Conda has traditionally been associated with the Anaconda and Miniconda software packages. However, the use of both Anaconda itself and the Anaconda-provided package repositories require the purchase of a software license for business use, and the University does not have one. The use of Miniconda without a license is allowed providing you actively remove 'defaults' from the list of channels, as the inclusion of that channel is a miniconda default. See Anaconda's FAQ, license terms and pricing for more information. Please note that (as of the time of writing) whilst the FAQ includes research as a license-exempt use, the license itself makes clear that the exemption for educational entities only covers use for a curriculum-based course.
Where use of conda is preferred, we recommend that you make use of the supplied Miniforge3 modules rather than installing conda yourself. Miniforge3 does not include the 'defaults' channel in its default configuration. You can see which versions of Minforge3 are available by running:
module avail Miniforge3
Please note that the license requirement covers the 'defaults' channel, whether you are using Miniforge3 or Miniconda.
As with python virtual environments, special handling is required for conda as further described below.
Conda Configuration
Using conda is likely to run immediately into problems which can be solved using the configuration below.
By default, conda will store your environments and downloaded packages in your home directory under ~/.conda - this will quickly cause your home directory to run out of space. So conda needs to be configured to store your files in your group folder.
As with python virtual environments (described above), there may also be issues with CPU compatibility.
The configuration described below is intended to address both of the above problems.
- Login to cluster1 and create a dedicated conda folder in your group home folder with subdirectories for packages and environments. NB replace group and username with your own group and username
mkdir /well/group/users/username/conda - Create the file ~/.condarc containing the following configuration.

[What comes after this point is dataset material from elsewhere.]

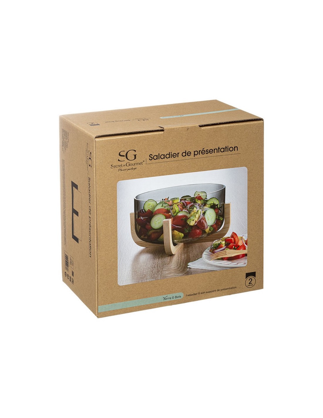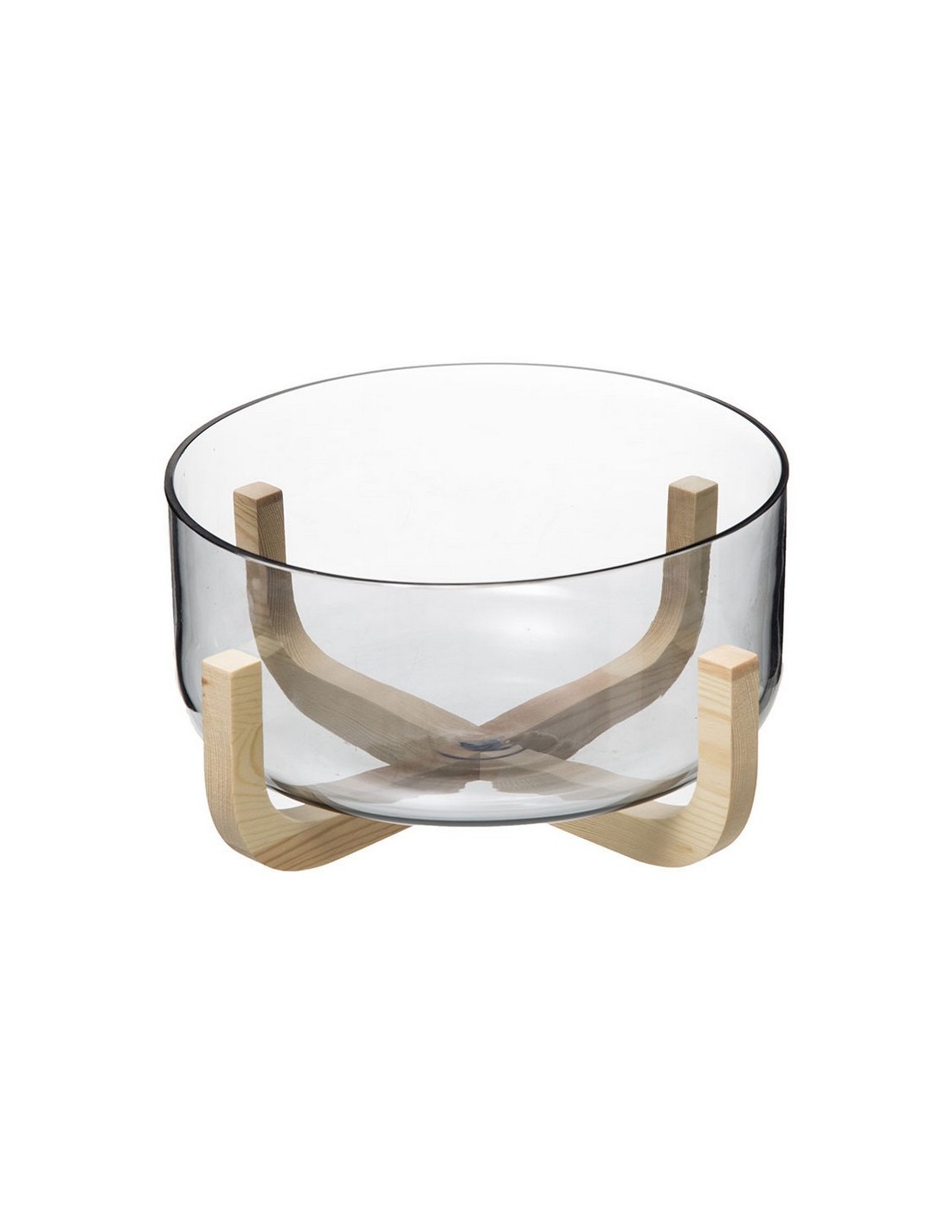 Ensaladera cristal con base bambú (MEMO) ø 24,5xh.14 cm.

NB1 indented lines are indented two spaces
NB2 Replace group and username with your own group and username
channels:
- conda-forge
- bioconda
pkgs_dirs:
- /well/group/users/username/conda/${MODULE_CPU_TYPE}/pkgs
envs_dirs:
- /well/group/users/username/conda/${MODULE_CPU_TYPE}/envs - Before activating and using a conda environment, you must initialise conda itself. You can do this, either in the shell or in your sbatch scripts as follows (using the Miniforge3/24.1.2-0 module as an example):
module load Miniforge3/24.1.2-0
eval "$(conda shell.bash hook)" - If you wish to use the same environment on nodes with different settings of MODULE_CPU_TYPE, you will need to create identical conda environments using nodes with the relevant MODULE_CPU_TYPE settings, e.g. cluster1 for skylake and epyc001 for epyc. The condarc file above allows you to re-use the same environment name. The basic workflow would be:
Starting on cluster1:
module load Miniforge3/24.1.2-0
eval "$(conda shell.bash hook)"
conda create -n myproject python=3
conda install....
Then repeat the above in an interactive srun session on epyc001. - When submitting jobs scripts that rely on conda, remember to load and activate conda within your script so that MODULE_CPU_TYPE is evaluated in the context of the execution node rather than the job submission node, using:
module load Miniforge3/24.1.2-0
eval "$(conda shell.bash hook)"
conda activate..
python ... - If you have an example similar to the venv config above where MODULE_CPU_TYPE is insufficiently specific and you want to use BMRC_GCC_ARCH_NATIVE instead, then just replace the one with the other in the instructions above, though you may have to create environments for all relevant values of BMRC_GCC_ARCH_NATIVE. You could possibly use soft links in the /well/group/users/username/conda/ folder to map some values of MODULE_CPU_TYPE and/or BMRC_GCC_ARCH_NATIVE to a common base dir, to give a similar effect to the venv example, though I expect it would prove easier in the long run just to populate them properly.